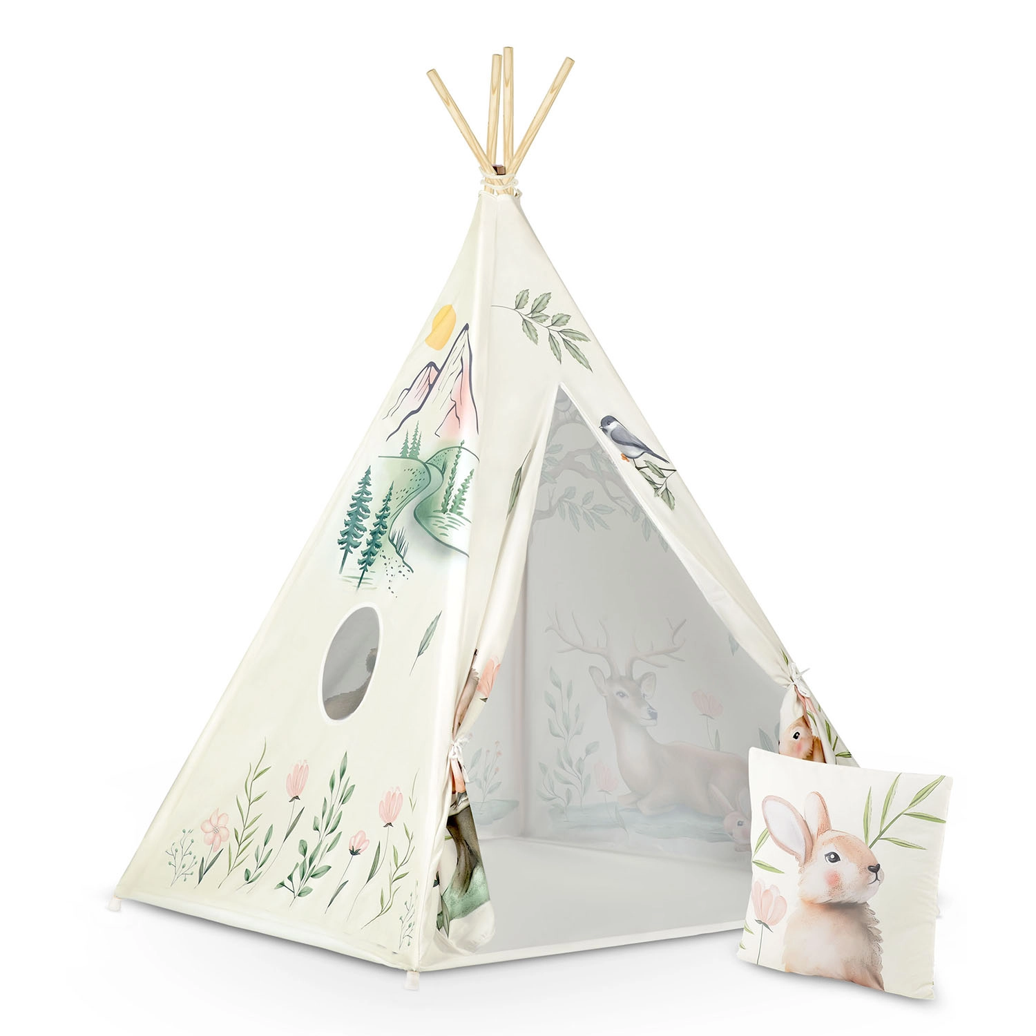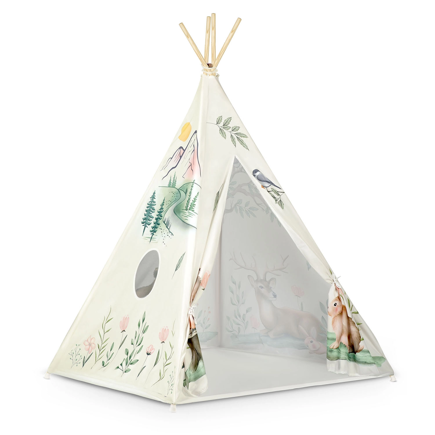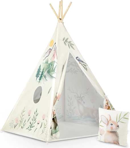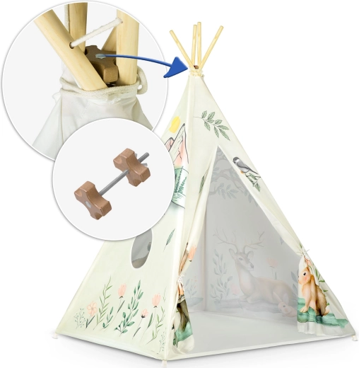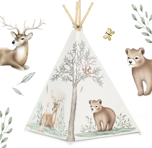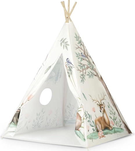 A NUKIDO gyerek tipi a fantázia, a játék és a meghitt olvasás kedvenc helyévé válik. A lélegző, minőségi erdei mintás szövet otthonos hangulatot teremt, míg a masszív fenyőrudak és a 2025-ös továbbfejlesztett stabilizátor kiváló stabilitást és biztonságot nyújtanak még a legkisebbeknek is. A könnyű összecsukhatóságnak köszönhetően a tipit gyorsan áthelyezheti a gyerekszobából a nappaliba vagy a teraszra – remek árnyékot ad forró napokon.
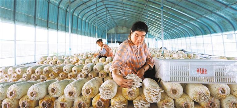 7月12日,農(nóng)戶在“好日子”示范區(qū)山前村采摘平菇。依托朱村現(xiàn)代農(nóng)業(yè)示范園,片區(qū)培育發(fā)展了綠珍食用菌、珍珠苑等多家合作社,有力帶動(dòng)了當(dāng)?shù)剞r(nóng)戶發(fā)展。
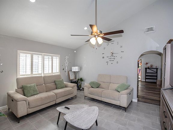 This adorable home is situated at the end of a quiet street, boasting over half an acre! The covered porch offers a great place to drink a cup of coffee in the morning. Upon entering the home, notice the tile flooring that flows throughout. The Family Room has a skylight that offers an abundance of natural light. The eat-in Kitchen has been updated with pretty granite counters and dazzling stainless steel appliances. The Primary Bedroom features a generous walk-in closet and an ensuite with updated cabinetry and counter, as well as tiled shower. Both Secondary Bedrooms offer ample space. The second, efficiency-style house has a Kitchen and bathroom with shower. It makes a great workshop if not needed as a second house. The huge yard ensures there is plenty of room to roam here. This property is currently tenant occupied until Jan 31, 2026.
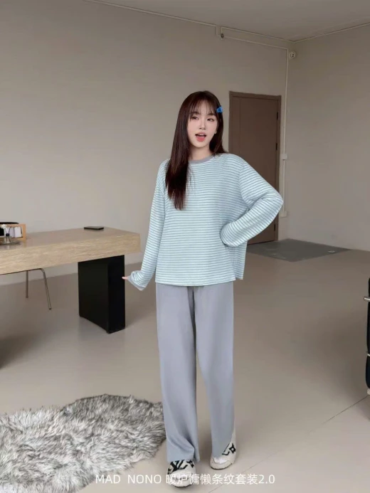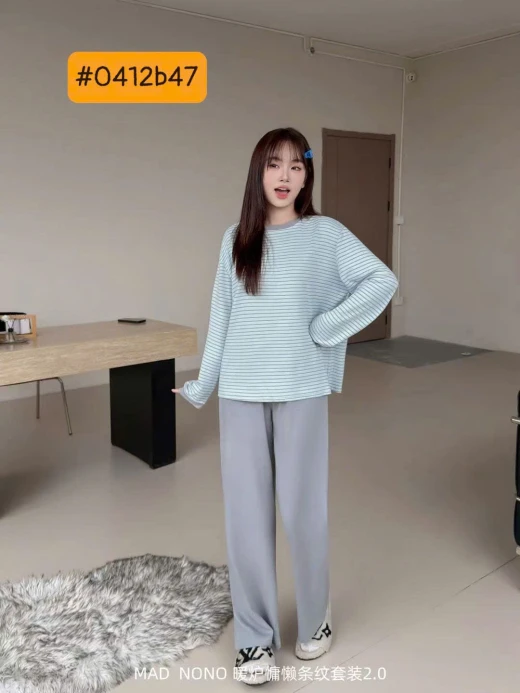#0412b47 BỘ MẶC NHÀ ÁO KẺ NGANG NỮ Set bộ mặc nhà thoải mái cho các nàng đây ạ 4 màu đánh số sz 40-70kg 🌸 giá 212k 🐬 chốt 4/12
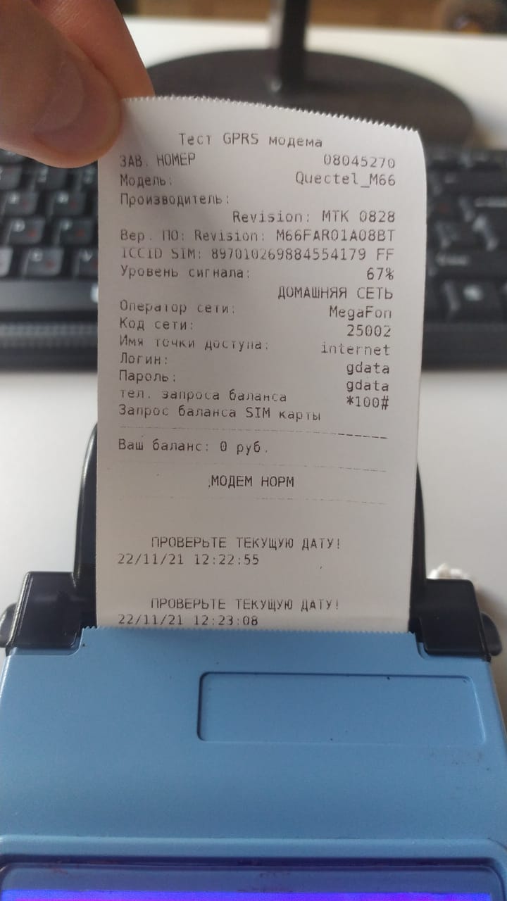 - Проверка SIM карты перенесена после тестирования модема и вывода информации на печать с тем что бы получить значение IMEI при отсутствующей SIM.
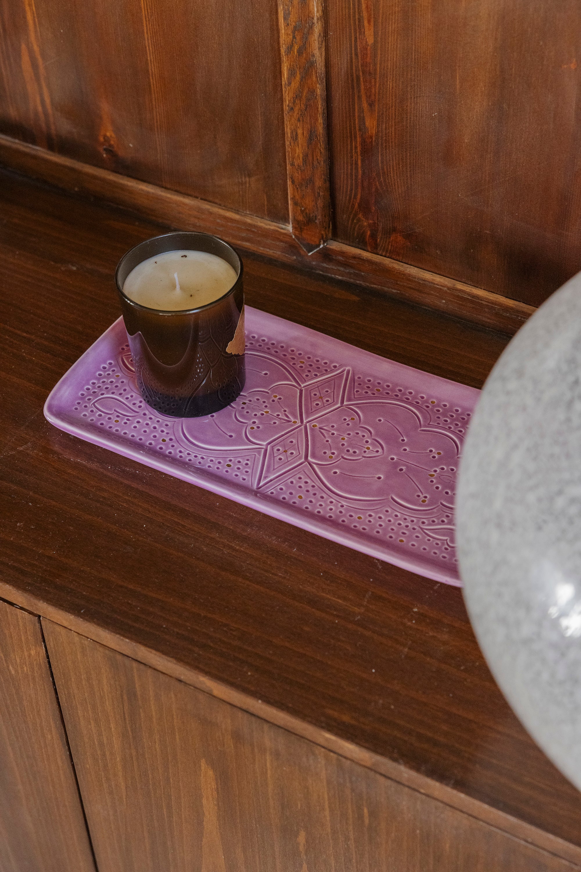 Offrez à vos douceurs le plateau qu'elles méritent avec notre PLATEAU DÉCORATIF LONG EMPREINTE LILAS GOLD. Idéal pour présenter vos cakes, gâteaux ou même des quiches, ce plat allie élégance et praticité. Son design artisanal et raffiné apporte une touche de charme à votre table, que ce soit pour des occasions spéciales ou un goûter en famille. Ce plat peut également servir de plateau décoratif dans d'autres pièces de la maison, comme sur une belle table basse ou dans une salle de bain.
■ ■ ■ ■ ■ ■ ■
Please transcribe every record above exactly as written, leaving out the pictures.

ANSWER TO THIS PROBLEM »
 A NUKIDO gyerek tipi a fantázia, a játék és a meghitt olvasás kedvenc helyévé válik. A lélegző, minőségi erdei mintás szövet otthonos hangulatot teremt, míg a masszív fenyőrudak és a 2025-ös továbbfejlesztett stabilizátor kiváló stabilitást és biztonságot nyújtanak még a legkisebbeknek is. A könnyű összecsukhatóságnak köszönhetően a tipit gyorsan áthelyezheti a gyerekszobából a nappaliba vagy a teraszra – remek árnyékot ad forró napokon.
 7月12日,農(nóng)戶在“好日子”示范區(qū)山前村采摘平菇。依托朱村現(xiàn)代農(nóng)業(yè)示范園,片區(qū)培育發(fā)展了綠珍食用菌、珍珠苑等多家合作社,有力帶動(dòng)了當(dāng)?shù)剞r(nóng)戶發(fā)展。
 This adorable home is situated at the end of a quiet street, boasting over half an acre! The covered porch offers a great place to drink a cup of coffee in the morning. Upon entering the home, notice the tile flooring that flows throughout. The Family Room has a skylight that offers an abundance of natural light. The eat-in Kitchen has been updated with pretty granite counters and dazzling stainless steel appliances. The Primary Bedroom features a generous walk-in closet and an ensuite with updated cabinetry and counter, as well as tiled shower. Both Secondary Bedrooms offer ample space. The second, efficiency-style house has a Kitchen and bathroom with shower. It makes a great workshop if not needed as a second house. The huge yard ensures there is plenty of room to roam here. This property is currently tenant occupied until Jan 31, 2026.
#0412b47 BỘ MẶC NHÀ ÁO KẺ NGANG NỮ Set bộ mặc nhà thoải mái cho các nàng đây ạ 4 màu đánh số sz 40-70kg 🌸 giá 212k 🐬 chốt 4/12
 - Проверка SIM карты перенесена после тестирования модема и вывода информации на печать с тем что бы получить значение IMEI при отсутствующей SIM.
 Offrez à vos douceurs le plateau qu'elles méritent avec notre PLATEAU DÉCORATIF LONG EMPREINTE LILAS GOLD. Idéal pour présenter vos cakes, gâteaux ou même des quiches, ce plat allie élégance et praticité. Son design artisanal et raffiné apporte une touche de charme à votre table, que ce soit pour des occasions spéciales ou un goûter en famille. Ce plat peut également servir de plateau décoratif dans d'autres pièces de la maison, comme sur une belle table basse ou dans une salle de bain.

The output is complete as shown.